Iapetus [eye-AP-i-tus] is one of the stranger moons of Saturn. Its density is similar to that of Rhea, indicating that it has a small allotment of rocky materials. Its leading side is dark with a slight reddish color while its trailing side is bright. The dark surface might be composed of matter that was either swept up from space or oozed from the moon's interior. The real reason is still unknown. The dark material might be a thin layer of organic material perhaps similar to the complex substances found in the most primitive meteorites. However, there are no bright rimed craters present on the dark hemisphere. If the dark material is thin, it must be constantly renewed since a meteor impact would punch through the layer to reveal brighter surface material.

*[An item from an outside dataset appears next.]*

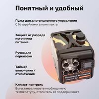 Экономичность. Расход дизельного топлива всего 0,2 – 0,59 л в час. Объем топливного бака 5 литров, а это 10 часов непрерывной работы. Таймер включения / отключения и климат контроль позволят экономно расходовать горючее, поддерживать установленную температуру в помещении в заданные периоды времени. Интуитивно понятное управление. Пульт дистанционного управления с возможностью установки температуры, напряжения, таймера включения/выключения, контроля напряжения АКБ, контроля окружающей температуры.
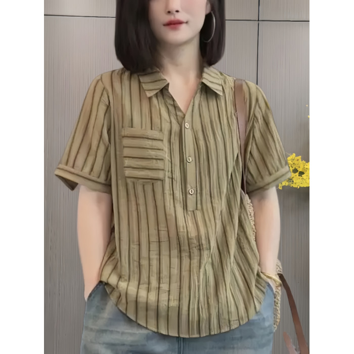 洋氣翻領條紋天絲棉麻襯衫女2025夏季媽媽短袖襯衣遮肚子顯瘦上衣

The dark material may have originated from Phoebe, which has a very low albedo. Micrometeor impacts could kick dark matter off Phoebe which is then swept up by Iapetus. (Phoebe, however, has a slightly different color from that of the dark surface of Iapetus.) The fact that the material is on the leading hemisphere seems to support this theory. On the other hand, the dark material seems to be concentrated in crater floors. This would indicate an internal origin. Since Iapetus is so far from Saturn, it may have formed with methane or ammonia ice in its interior. The dark material could be explained by eruptions of methane from its interior. This theory is supported by a dark ring of material about 100 kilometers (62 miles) in diameter that straddles the border between the leading and trailing hemispheres of Iapetus. Such rings formed on the Moon and on Mars when dark volcanic material flowed into impact craters and filled around the central peak.

Iapetus Statistics
 Discovered byGiovanni Domenico Cassini 
 Date of discovery1671 
 Mass (kg)1.88e+21 
 Mass (Earth = 1)3.1459e-04 
 Equatorial radius (km)730 
 Equatorial radius (Earth = 1)1.1446e-01 
 Mean density (gm/cm^3)1.21 
 Mean distance from Saturn (km)3,561,300 
 Rotational period (days)79.33018 
 Orbital period (days)79.33018 
 Mean orbital velocity (km/sec)3.27 
 Orbital eccentricity0.0283 
 Orbital inclination (degrees)14.72 
 Escape velocity (km/sec)0.586 
 Visual geometric albedo0.2 
 Magnitude (Vo)10.2-11.9 

Views of Iapetus

Color Image of Iapetus
This color image of Iapetus was created by combining Voyager 2 image data taken through orange, green and blue filters. It was acquired on August 22, 1981. The picture shows a portion of dark material on the left. The satellite's motion is towards the left. (Copyright Calvin J. Hamilton)

Iapetus Animation
This animation of Iapetus was created from 8 pictures taken on August 22, 1981 by the Voyager 2 spacecraft. It is interesting to note the bright mountain peaks, located in the dark material, as they move towards the limb of the satellite. (Copyright Calvin J. Hamilton)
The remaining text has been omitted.